Work to complete: Give back the full listing verbatim, apart from its images.

Information supplied:
*** Block opens ***

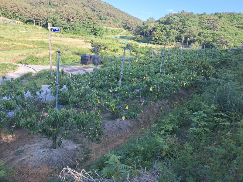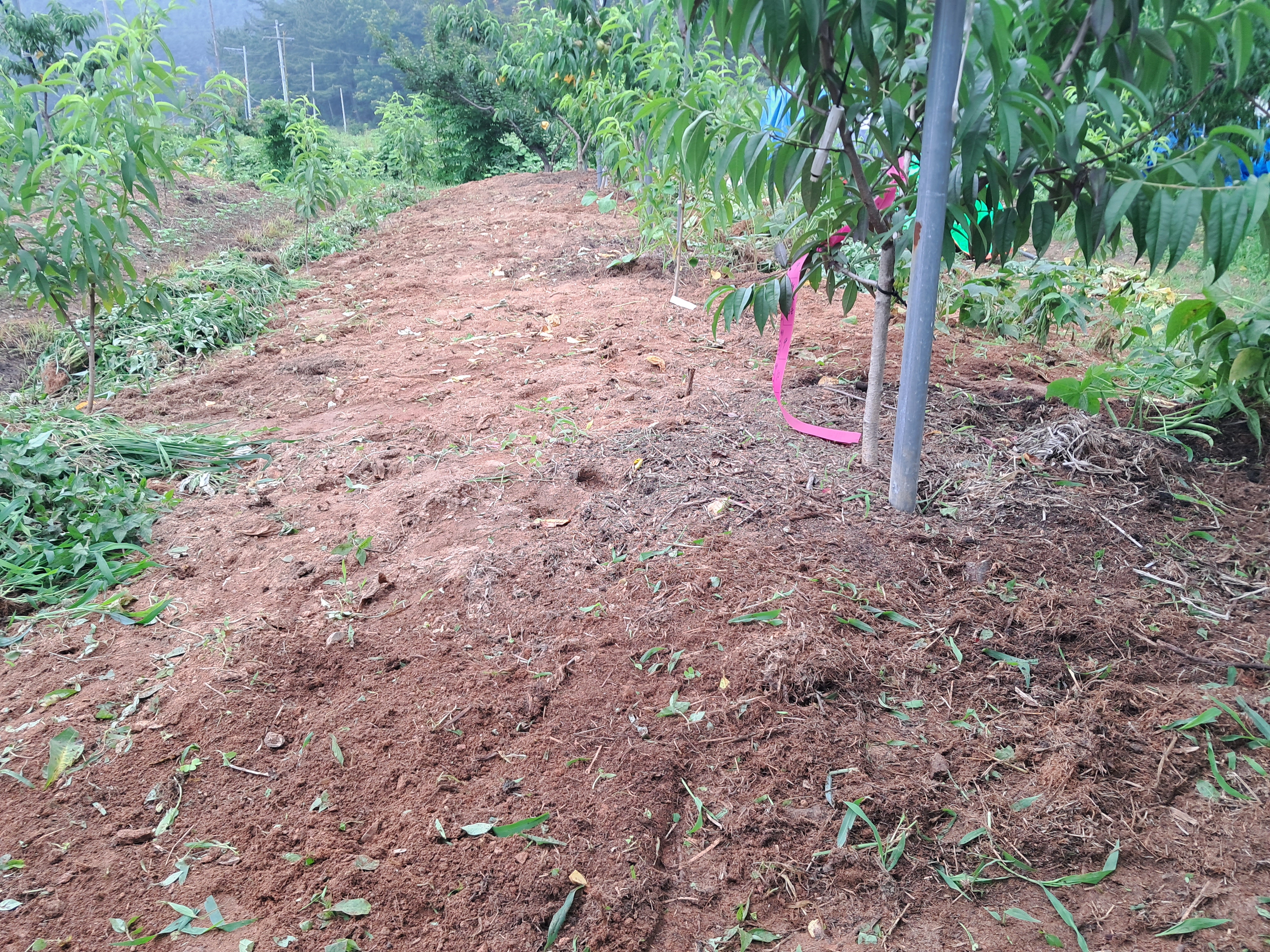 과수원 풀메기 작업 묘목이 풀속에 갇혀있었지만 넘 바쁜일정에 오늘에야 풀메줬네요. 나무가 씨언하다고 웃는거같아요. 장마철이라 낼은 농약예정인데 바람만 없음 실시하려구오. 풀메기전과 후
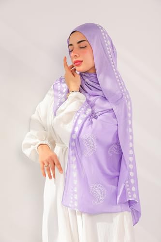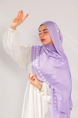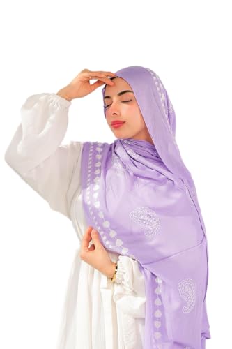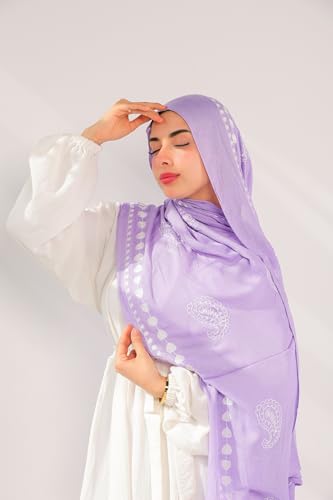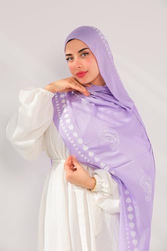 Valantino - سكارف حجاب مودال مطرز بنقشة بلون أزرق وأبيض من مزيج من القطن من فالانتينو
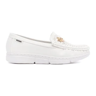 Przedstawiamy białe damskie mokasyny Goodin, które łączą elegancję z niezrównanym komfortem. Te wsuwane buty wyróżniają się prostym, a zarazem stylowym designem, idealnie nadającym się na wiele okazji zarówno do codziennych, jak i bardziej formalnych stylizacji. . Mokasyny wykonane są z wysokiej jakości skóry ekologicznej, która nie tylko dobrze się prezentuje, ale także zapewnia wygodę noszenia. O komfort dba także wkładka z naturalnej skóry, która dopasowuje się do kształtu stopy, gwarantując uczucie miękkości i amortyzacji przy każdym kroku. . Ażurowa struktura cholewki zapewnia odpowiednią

*** Block closes ***

Answer section:
 과수원 풀메기 작업 묘목이 풀속에 갇혀있었지만 넘 바쁜일정에 오늘에야 풀메줬네요. 나무가 씨언하다고 웃는거같아요. 장마철이라 낼은 농약예정인데 바람만 없음 실시하려구오. 풀메기전과 후
 Valantino - سكارف حجاب مودال مطرز بنقشة بلون أزرق وأبيض من مزيج من القطن من فالانتينو
 Przedstawiamy białe damskie mokasyny Goodin, które łączą elegancję z niezrównanym komfortem. Te wsuwane buty wyróżniają się prostym, a zarazem stylowym designem, idealnie nadającym się na wiele okazji zarówno do codziennych, jak i bardziej formalnych stylizacji. . Mokasyny wykonane są z wysokiej jakości skóry ekologicznej, która nie tylko dobrze się prezentuje, ale także zapewnia wygodę noszenia. O komfort dba także wkładka z naturalnej skóry, która dopasowuje się do kształtu stopy, gwarantując uczucie miękkości i amortyzacji przy każdym kroku. . Ażurowa struktura cholewki zapewnia odpowiednią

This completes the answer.